È realistico ipotizzare un consenso superiore al 20 per cento per il partito di Montezemolo?
Quella cifra è plausibile. Non ho dati recenti, ma a naso direi che Montezemolo può puntare al 25 per cento, grazie a un consenso fondamentalmente trasversale. A condizione che nel 2013 non vi siano troppe liste simili alla sua. La formazione animata dall’ex presidente della Fiat, infatti, non può sfuggire alla ferrea legge dello share elettorale: il numero di voti di un partito non è solo direttamente proporzionale al suo gradimento, ma è anche inversamente proporzionale alla quantità di liste che offrono promesse simili.

In un’indagine pubblicata nel 2008 sulla rivista Polena Lei osservava come fosse il Pd di Veltroni a perdere più voti a favore di un “partito di Montezemolo”. È così ancora oggi, o il partito di Bersani rappresenta l’antitesi ideologica di Italia Futura?
Da allora le cose sono molto cambiate. Nel 2007, grazie al confuso immobilismo del governo Prodi, la sinistra era più in difficoltà della destra. Oggi è il contrario. La destra, con la sua incapacità di cambiare classe dirigente, è così autolesionista che diventerà la sorgente principale del voto a Montezemolo.
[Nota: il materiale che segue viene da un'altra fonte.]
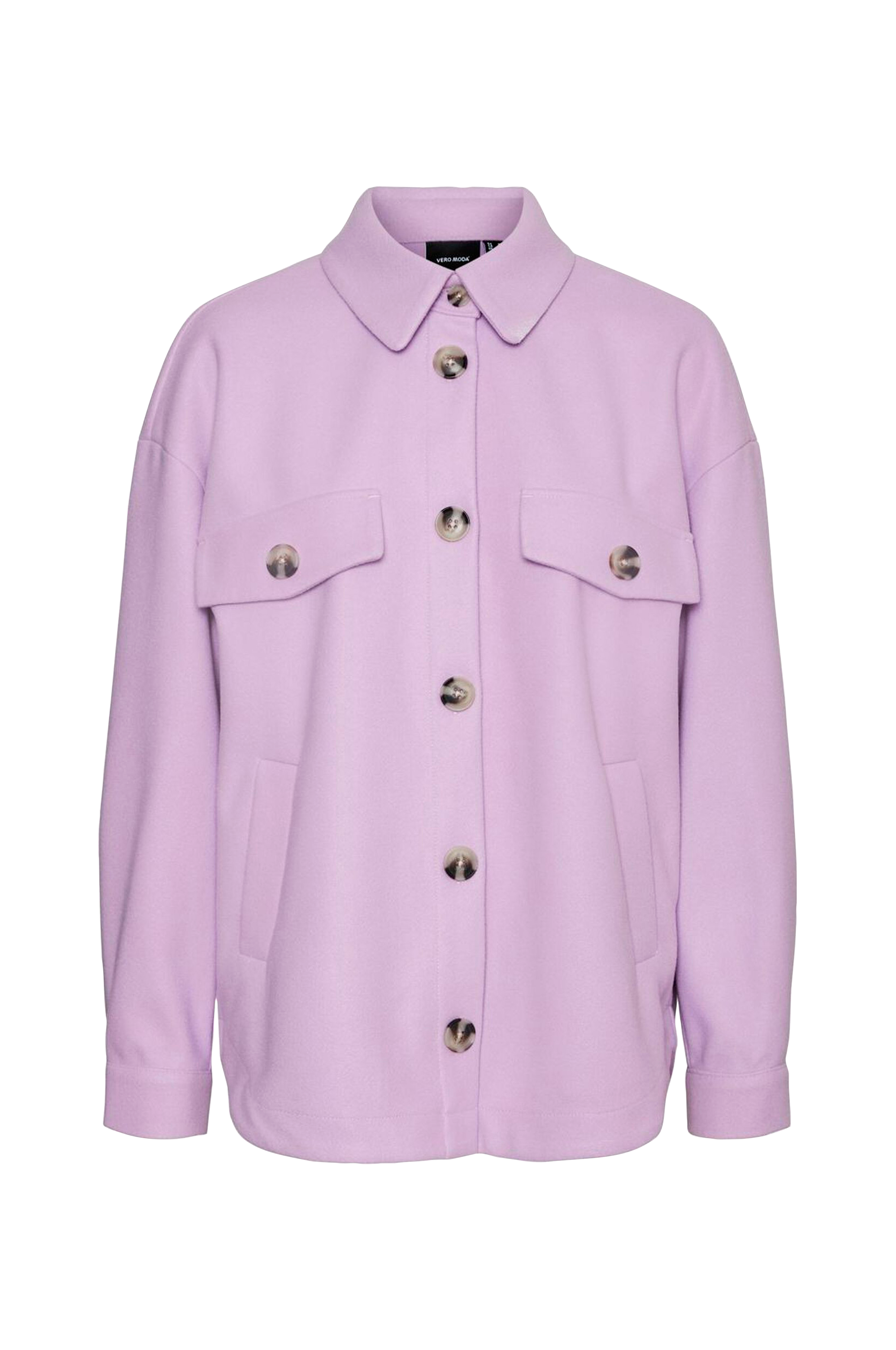 Jakke i myk, tovet kvalitet av gjenvunnet polyester. Knapper og lommer foran, dekorklaff på brystet og lave skuldersømmer. Lengde ca. 68 cm i str S.

L’impronta laica e liberale di Italia Futura potrebbe ostacolare la conquista di consensi nell’area cattolica del Terzo Polo?
Senz’altro. Specie se il partito di Montezemolo dovesse dire alcune verità sul Mezzogiorno, riserva di clientele per i partiti di matrice cattolica. Tuttavia ritengo più probabile che, sul Sud, il movimento finirà per far prevalere la prudenza.

Una discesa in campo del presidente del Cavallino potrebbe essere percepita dagli elettori del centrodestra come una riedizione del ‘94 berlusconiano?
Sì, ma solo da una parte non numerosa di quel mondo. Una delle ragioni del fallimento del progetto del “partito liberale di massa” risiede nel fatto che, nel 1994, il voto per Berlusconi fu soprattutto un voto contro la sinistra, più che una scelta consapevole per una svolta liberale nella politica economica italiana. Altrimenti gli elettori di Berlusconi si sarebbero fatti sentire di più, in questi due decenni.
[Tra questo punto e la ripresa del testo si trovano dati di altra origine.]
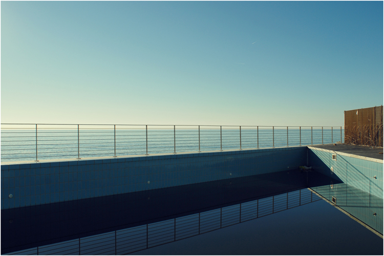 Per me una delle tue migliori da quando ti dedichi di nuovo con forza al colore. Perfetto il punto di scatto, che mette l'orizzonte esattamente una linea sotto il limite della barriera. Così la immaterialità del cielo risulta totale, in un a emozionante vuota luminosità . la lucidità della vasca interna è bellissima, immobile, catturando la specchiatura, rigorosa e intersecantesi, sia della parte destra e che sinistra del fotogramma. Sembra facile un risultato così, ma è difficilissimo.

Quale legge elettorale converrebbe di più a Montezemolo?
Il doppio turno uninominale maggioritario, a meno che il suo scopo sia solo quello di esistere in Parlamento. Grazie al doppio turno di collegio la sua lista, se riuscisse ad arrivare seconda alla prima tornata, nel voto decisivo potrebbe raccogliere i suffragi di tutti coloro che non desiderano riconsegnare l’Italia a un governo-marmellata come sarebbe quello che sta preparando la “sinistra di Vasto”, con Bersani, Di Pietro, Vendola e gli inevitabili cespugli. Per realizzare un’operazione del genere è però indispensabile convincere l’opinione pubblica che le forze riunite intorno a Montezemolo non sono un’armata Brancaleone accomunata dall’anticomunismo o dall’ostilità verso la sinistra.
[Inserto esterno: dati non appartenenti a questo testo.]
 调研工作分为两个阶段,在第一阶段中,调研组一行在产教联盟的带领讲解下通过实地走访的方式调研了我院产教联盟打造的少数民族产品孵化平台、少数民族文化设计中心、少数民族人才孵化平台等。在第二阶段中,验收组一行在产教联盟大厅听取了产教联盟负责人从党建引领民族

L’Italia del futuro sarà dominata dal bipolarismo tra Montezemolo e Grillo?
Non credo granché al fenomeno Grillo. Anche se per ora i grillini sono più di sinistra che di destra, alla resa dei conti non faranno troppi danni alle forze progressiste, non più di quelli che riusciranno a provocare al campo conservatore. L’elettore di sinistra tipico, infatti, non è una persona di mente libera, che considera il voto una scelta come un’altra. L’elettore di sinistra tipico mugugna contro i partiti della sinistra per tutta la legislatura, si indigna e si arrabbia, sacramenta e giura di non votarli più, ma poi immancabilmente li sceglie. L’altro ieri contro il pericolo del fascismo, ieri contro il tiranno Berlusconi, domani chissà. Per questo Grillo mi sembra più pericoloso per la destra che per la sinistra. Al momento buono, le Cinque Stelle potrebbero attirare l’elettorato qualunquista naturalmente incline a votare a destra, ma potrebbero non farcela a sedurre l’elettorato di sinistra, molto più stabile e conformista.